Member Skype #31 Warmup – The Thirteenth Floor (1999)

This is the Warmup thread for Member Skype Call #31, which is focused on The Thirteenth Floor (1999).

Let’s take a roadtrip out to Tucson.


It was Mezzie who first recommended this film to me, during a Member Skype Call at some point last year, if I recall correctly.

Well it rocketed to the top of my favourite film list after my first viewing.

Would I personally describe this film as a ‘masterpiece’? No.

From a technical perspective, it leaves a lot to be desired. Some of the sets, some of the acting…

But from a conceptual point of view, and the way in which it explores certain existential themes, this is a standout.

Up there with The Matrix and Dark City, which we both released around the same time as The Thirteenth Floor i.e. late ’90s.


Those who plan to join us for the call this coming weekend are encouraged to come along armed with at least one scene/theme you hope to discuss.

If you can give advance notice in this thread of which scene(s) in particular you would like to analyse, I can even put together an abridged video ahead of time, so that the other participants can easily recall the scene in question.

As for me, I don’t think I’ll ever forget the scene where the Vincent D’Onofrio character ‘Ashton’ explains how and when he discovered the ‘truth’.
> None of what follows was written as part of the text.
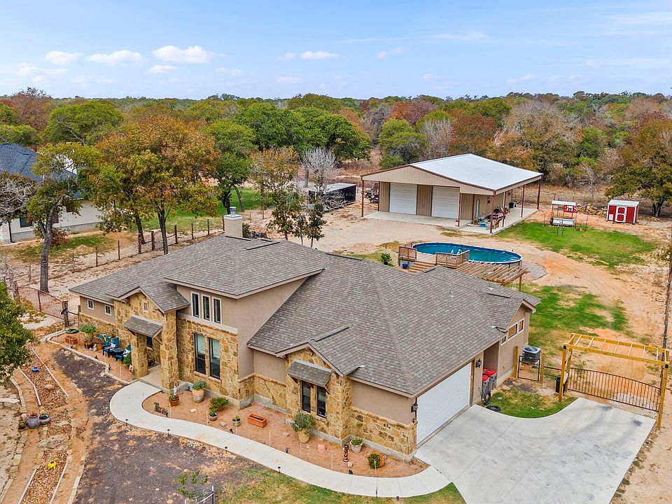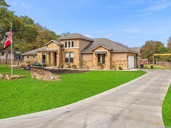 *Recently Replaced flooring in all bedrooms* Discover modern elegance and rural charm with this newly built (2022) 4-bedroom, 2.5-bathroom home in Floresville, TX. Set on a picturesque 1-acre lot, this stunning property offers the perfect blend of tranquility and convenience, located just 30 minutes from San Antonio and easily accessible via Highway 181. Designed with an open-concept layout, this home boasts a chef-inspired kitchen featuring stainless steel appliances, an oversized island, electric in-lay stovetop, and abundant cabinetry, making it ideal for entertaining or family gatherings. The inviting living room features a striking wooden beam ceiling and cozy fireplace, providing a warm and welcoming atmosphere. The luxurious primary suite is a serene retreat, offering dual vanities, a spacious walk-in closet, and an impressive dual-head shower, with direct access to the oversized utility room for added convenience. Three additional bedrooms provide flexibility for family, guests, or a home office. Step outside to enjoy the beautifully landscaped backyard, with a covered patio and a charming walkway leading to a custom firepit conversation area-perfect for outdoor entertaining under the Texas skies. A standout feature of this property is the 40x60 custom barn, designed to meet all your needs. Whether used as a workshop, hobby space, or additional storage, this barn is fully equipped with RV hookups, including power, water, and a dedicated septic system, making it a dream for RV enthusiasts or those seeking versatile functionality. This home combines the best of country living with modern amenities, offering a peaceful lifestyle without sacrificing convenience. Its proximity to San Antonio makes it ideal for commuters, while its spacious design and unique features cater to families, retirees, and buyers seeking a move-in-ready home with room to grow. Don't miss this opportunity to own a rare gem in the desirable Floresville area!

I did exactly what the letter said.
I chose a place I’d never go to.
I tried to drive to Tucson.
I figured, what the hell.
Never been to the countryside.
And I took that car out on the highway.
I was going over 50 through that desert.
After a while, it was the only car on the road.
It was just me, the heat and the dust.
I did exactly what the letter said.
“Don’t follow any road signs and don’t stop for anything. Not even barricades.”
But just when I should’ve been getting closer to the city. Something wasn’t right.
There was no movement, no life.
Everything was still and quiet.
And then I got out of the car.
And what I saw scared me to the depths of my miserable soul.
It was true. It was all a sham.
It ain’t real.

‘And what I saw scared me to the depths of my miserable soul’
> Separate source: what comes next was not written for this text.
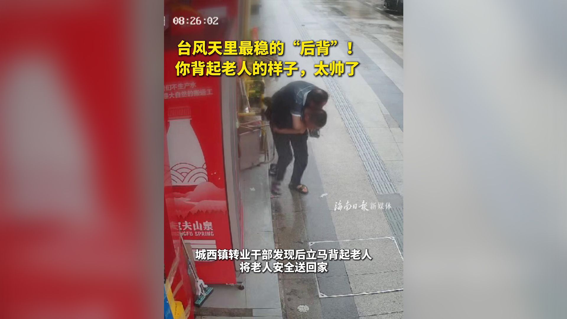 台风天里最稳的“后背”!你背起老人的样子,太帅了

I have used a slightly modified version of that line so many times when promoting my site on reddit/r/conspiracy, it isn’t funny.

Well, to be honest, it is funny to me.

I will usually post something like, ‘Have you looked into the History Hoax?’, in reply to some comment about history/deception/etc.

And then somebody will reply, ‘What is that?’

And then I will reply, ‘I went looking for actual evidence that [insert ‘Ancient history’ character e.g. Plato] really existed. I tried to trace back the sources to a primary source, something actually written by the person himself. What I discovered shook me to the core of my miserable soul’.

It usually gets a reaction 🙂

In a way, I’m slightly embellishing the story. But only slightly. The first time the History Hoax really hit me, it did affect me on a fundamental level. I’ve never been the same since.

And what Ashton says is true of the History Hoax, of trying to trace back through the primary sources of characters from, say, Ancient Greece: the further you go, the more alone you feel. The longer you spend searching for the evidence, the more you wonder if this ‘reality’ is anything like we have been led to believe. Where is the life!? Where are the other people asking for the evidence? Where are the other people on the side of the road waving us down, saying, ‘bro, there’s nothing out there! Something is going on!’

And anybody else who takes a trip out to Tucson, anybody else who stays on the road and keeps going and going and going, in search of the primary sources which ‘must’ be out there somewhere… they, too, will be changed forever.

What I have been saying is true. History is all a sham. It ain’t real.

See you Sunday 🙂


Related material

JLBM31 – Quick Update – The Thirteenth Floor (10-Nov-2017)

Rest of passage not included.